Советские власти косо смотрели на русского гения и после смерти Сталина. Он вызвал дикую ярость Хрущева, когда тот приехал в США с визитом. На официальном обеде в Нью-Йорке Зворыкин неосторожно выступил в его присутствии с призывом «открыть информационное пространство СССР».

Увы, на склоне лет Владимир Козьмич разочаровался в своем изобретении: «Это чудо, которое превратилось в чудовище… Я создал монстра, способного промыть мозги всему человечеству. Это чудовище приведет нашу планету к унифицированному мышлению… Я в ужасе от пошлости и насилия, которые пришли в наши дома вместе с голубым экраном, — с горечью признавался ученый. — Это заставило меня думать: а стоило ли ради этого создавать телевидение? Во всяком случае, смотреть его я почти перестал». «Лучшая деталь в телевизоре, — добавлял Зворыкин с иронией, — это — выключатель».

Несмотря на все то, что Зворыкин сделал для США, там он так и не стал в полной мере «своим». Особенно после того, как он, обычно сторонившийся общественной и политической активности, вошел в руководство нью-йоркского отделения Фонда помощи жертвам войны в СССР. За это его даже лишили загранпаспорта и запретили покидать пределы США. ФБР завело на ученого досье, а его телефоны поставили на прослушку. В Америке считали, что Зворыкин «сочувствует Советам», а в КГБ держали за американского шпиона.

Прах над озером

В конце концов, ученый перестал быть «невыездным», и в 1967 году они вместе с женой побывали в СССР в качестве туристов. Супруги оформили посещение города Владимир, однако, убедившись, что за ними нет слежки, поймали такси и тайком отправились, несмотря на запрет, в закрытый тогда город Муром. Так, 50 лет спустя, Зворыкину удалось снова увидеть церковь, в которой его крестили, родной дом…
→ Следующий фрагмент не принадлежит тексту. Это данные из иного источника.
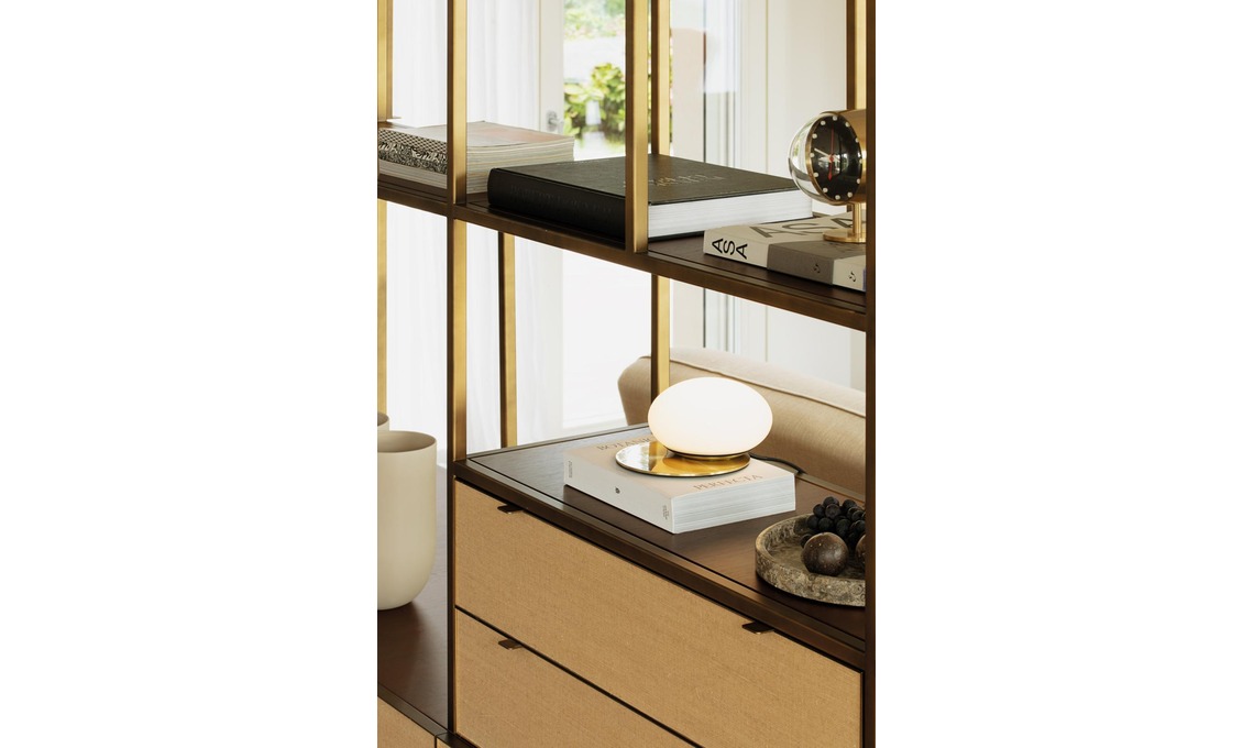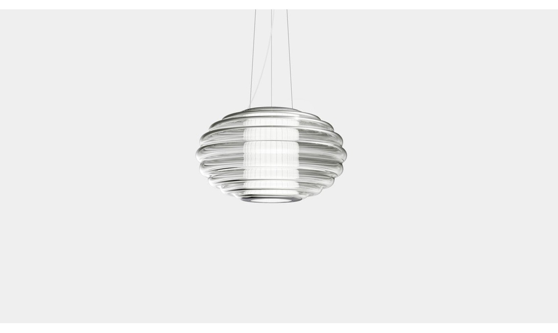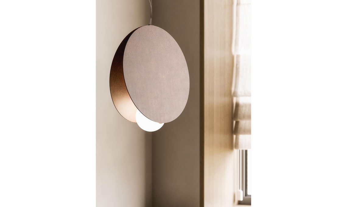 1. Alma, con paralume in tessuto avvolto in una bolla di

Личного счастья гений техники дождался, когда ему было уже за 60. За двадцать лет до этого он познакомился с эмигранткой Екатериной Полевицкой, красавицей, врачом по профессии, и по уши в нее влюбился. Однако она уже была замужем, имела детей. Пришлось долго ждать. Но когда Екатерина Андреевна стала вдовой, Владимир Козьмич сразу же предложил ей руку и сердце. «Молодые» обвенчались в русской церкви в США и прожили в счастье и согласии еще более 30 лет. У Зворыкина было пятеро детей и 17 внуков.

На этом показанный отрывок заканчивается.